▶ _Aim of the exercise_: Transcribe each entry in full, and leave the images out.

▶ _Record extracts_:
● ● ● ● ● ● ●

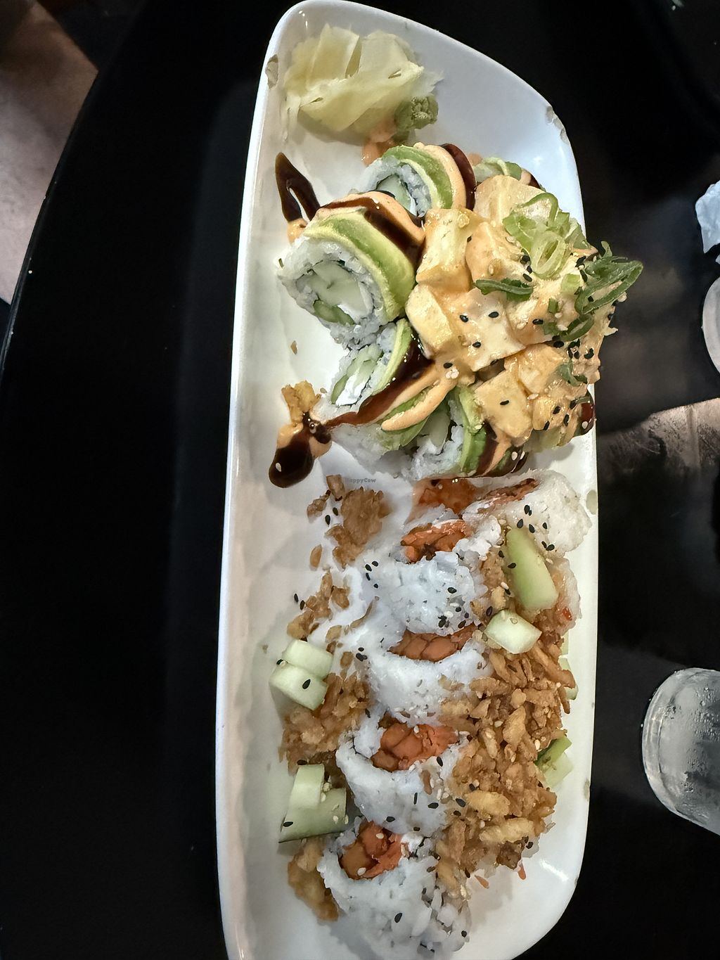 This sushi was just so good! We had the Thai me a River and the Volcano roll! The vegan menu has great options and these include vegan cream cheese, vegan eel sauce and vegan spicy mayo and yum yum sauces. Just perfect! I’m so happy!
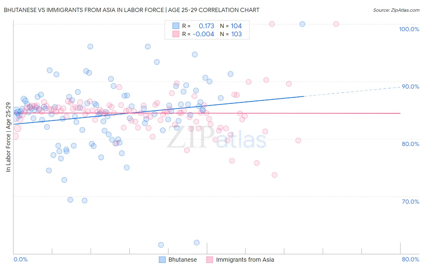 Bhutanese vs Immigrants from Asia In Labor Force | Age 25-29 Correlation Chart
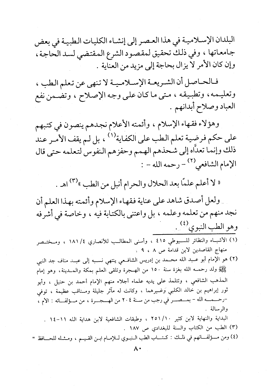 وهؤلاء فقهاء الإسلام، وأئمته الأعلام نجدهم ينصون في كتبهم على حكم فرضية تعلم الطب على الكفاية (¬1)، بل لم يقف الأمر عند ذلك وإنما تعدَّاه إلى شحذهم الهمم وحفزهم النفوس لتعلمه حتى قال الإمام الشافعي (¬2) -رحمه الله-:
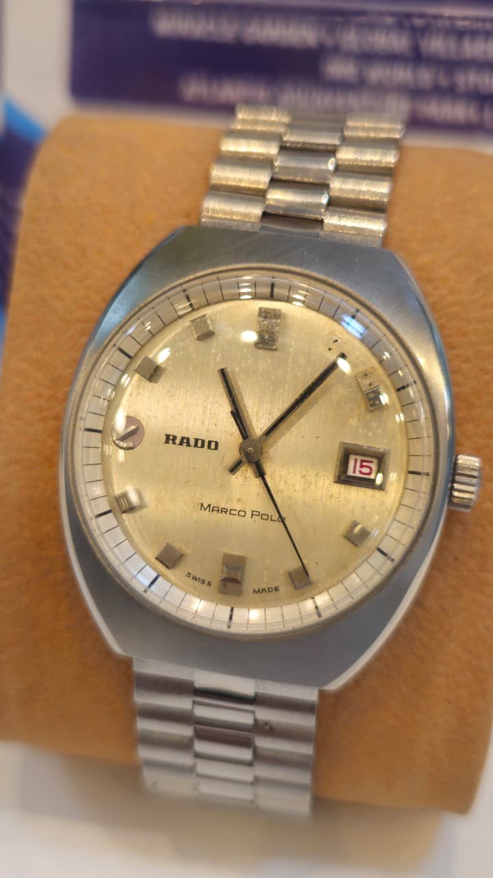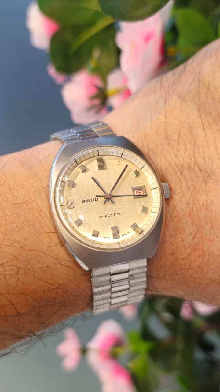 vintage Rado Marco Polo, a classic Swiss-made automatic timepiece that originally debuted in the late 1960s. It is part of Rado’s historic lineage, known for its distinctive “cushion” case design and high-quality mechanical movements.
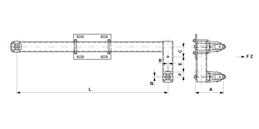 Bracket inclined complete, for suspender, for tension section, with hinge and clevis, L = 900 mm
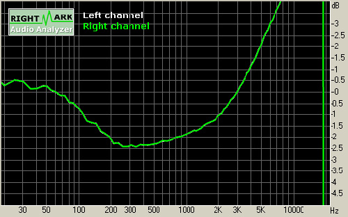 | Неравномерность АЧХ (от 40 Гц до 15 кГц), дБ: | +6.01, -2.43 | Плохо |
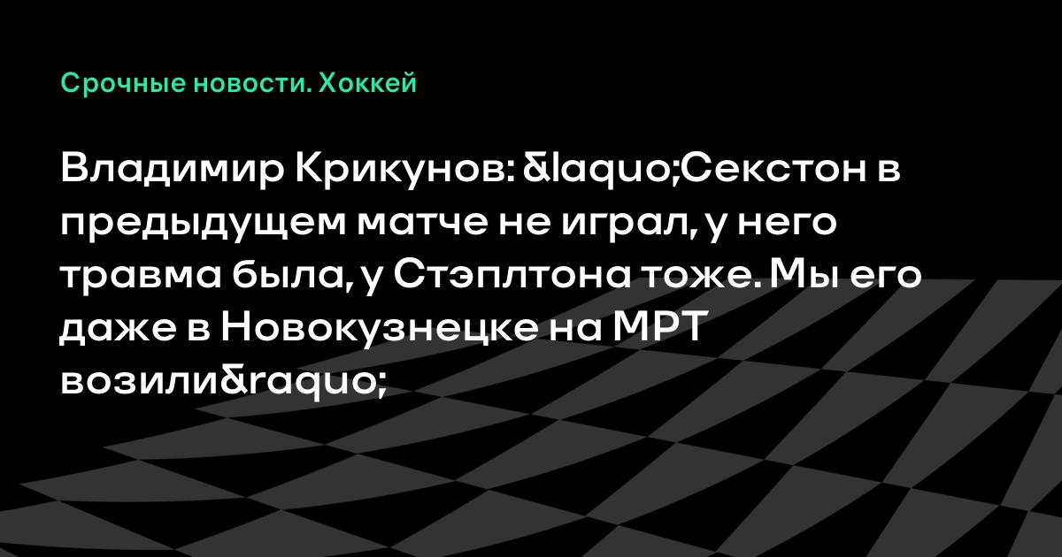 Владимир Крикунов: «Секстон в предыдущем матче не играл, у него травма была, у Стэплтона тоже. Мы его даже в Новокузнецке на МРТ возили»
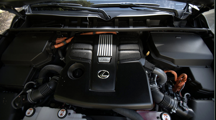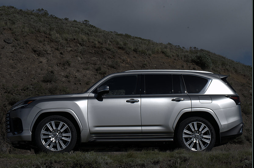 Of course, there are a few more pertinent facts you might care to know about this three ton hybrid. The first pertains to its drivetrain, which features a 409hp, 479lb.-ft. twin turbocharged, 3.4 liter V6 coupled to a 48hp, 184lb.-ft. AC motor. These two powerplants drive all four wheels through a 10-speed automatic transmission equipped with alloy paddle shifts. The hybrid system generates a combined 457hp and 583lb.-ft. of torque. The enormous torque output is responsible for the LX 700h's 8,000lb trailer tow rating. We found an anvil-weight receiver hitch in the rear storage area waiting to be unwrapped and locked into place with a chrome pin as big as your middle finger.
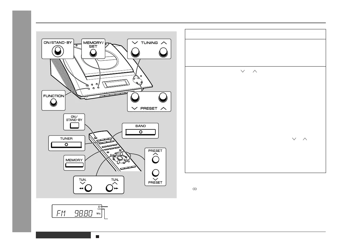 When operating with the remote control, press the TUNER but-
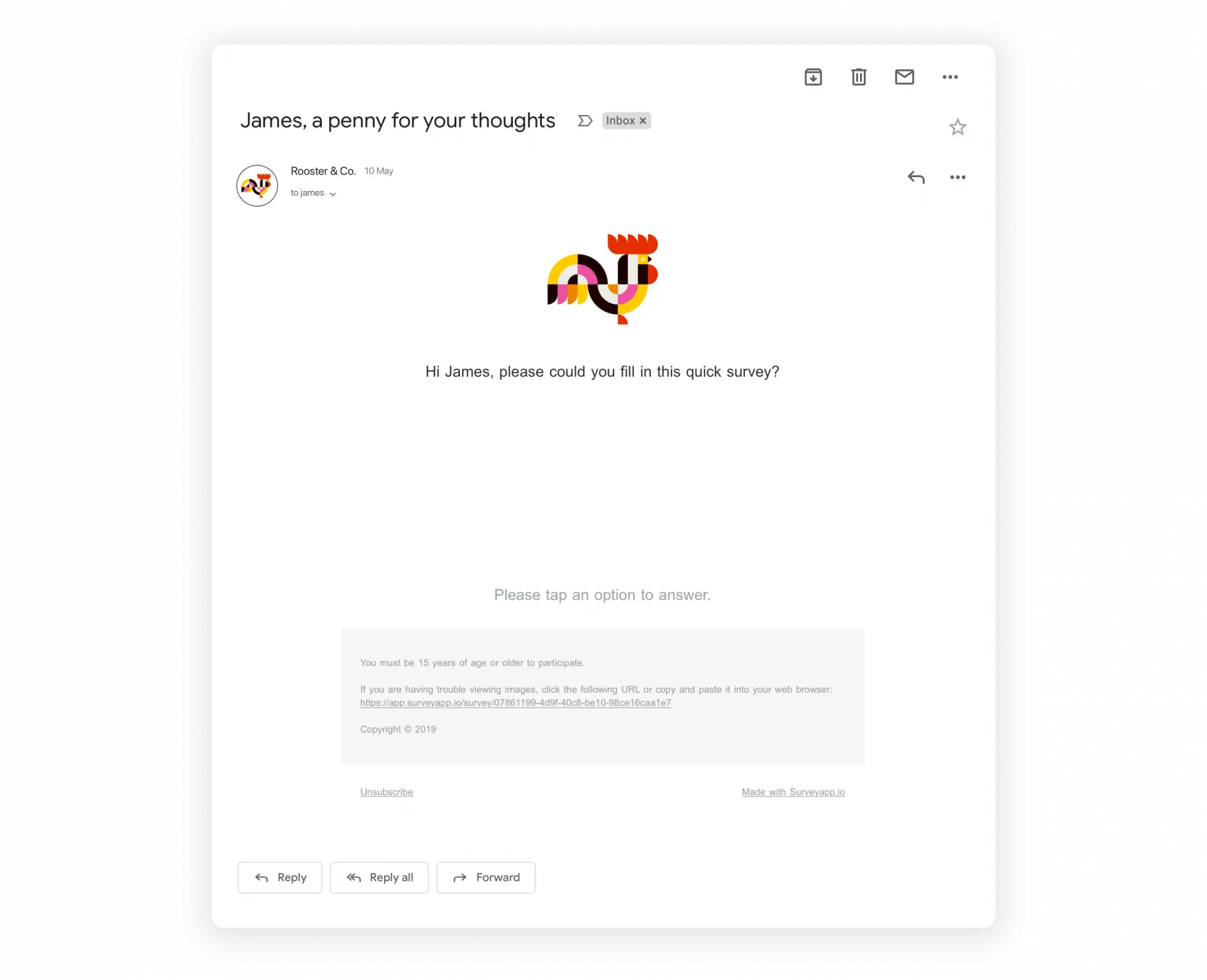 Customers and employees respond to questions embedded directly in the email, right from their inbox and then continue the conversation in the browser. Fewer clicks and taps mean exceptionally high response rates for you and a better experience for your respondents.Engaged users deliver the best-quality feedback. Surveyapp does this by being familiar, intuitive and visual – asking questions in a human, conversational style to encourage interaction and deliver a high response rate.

● ● ● ● ● ● ●

▶ _Answer to this problem_:
 This sushi was just so good! We had the Thai me a River and the Volcano roll! The vegan menu has great options and these include vegan cream cheese, vegan eel sauce and vegan spicy mayo and yum yum sauces. Just perfect! I’m so happy!
 Bhutanese vs Immigrants from Asia In Labor Force | Age 25-29 Correlation Chart
 وهؤلاء فقهاء الإسلام، وأئمته الأعلام نجدهم ينصون في كتبهم على حكم فرضية تعلم الطب على الكفاية (¬1)، بل لم يقف الأمر عند ذلك وإنما تعدَّاه إلى شحذهم الهمم وحفزهم النفوس لتعلمه حتى قال الإمام الشافعي (¬2) -رحمه الله-:
 vintage Rado Marco Polo, a classic Swiss-made automatic timepiece that originally debuted in the late 1960s. It is part of Rado’s historic lineage, known for its distinctive “cushion” case design and high-quality mechanical movements.
 Bracket inclined complete, for suspender, for tension section, with hinge and clevis, L = 900 mm
 | Неравномерность АЧХ (от 40 Гц до 15 кГц), дБ: | +6.01, -2.43 | Плохо |
 Владимир Крикунов: «Секстон в предыдущем матче не играл, у него травма была, у Стэплтона тоже. Мы его даже в Новокузнецке на МРТ возили»
 Of course, there are a few more pertinent facts you might care to know about this three ton hybrid. The first pertains to its drivetrain, which features a 409hp, 479lb.-ft. twin turbocharged, 3.4 liter V6 coupled to a 48hp, 184lb.-ft. AC motor. These two powerplants drive all four wheels through a 10-speed automatic transmission equipped with alloy paddle shifts. The hybrid system generates a combined 457hp and 583lb.-ft. of torque. The enormous torque output is responsible for the LX 700h's 8,000lb trailer tow rating. We found an anvil-weight receiver hitch in the rear storage area waiting to be unwrapped and locked into place with a chrome pin as big as your middle finger.
 When operating with the remote control, press the TUNER but-
 Customers and employees respond to questions embedded directly in the email, right from their inbox and then continue the conversation in the browser. Fewer clicks and taps mean exceptionally high response rates for you and a better experience for your respondents.Engaged users deliver the best-quality feedback. Surveyapp does this by being familiar, intuitive and visual – asking questions in a human, conversational style to encourage interaction and deliver a high response rate.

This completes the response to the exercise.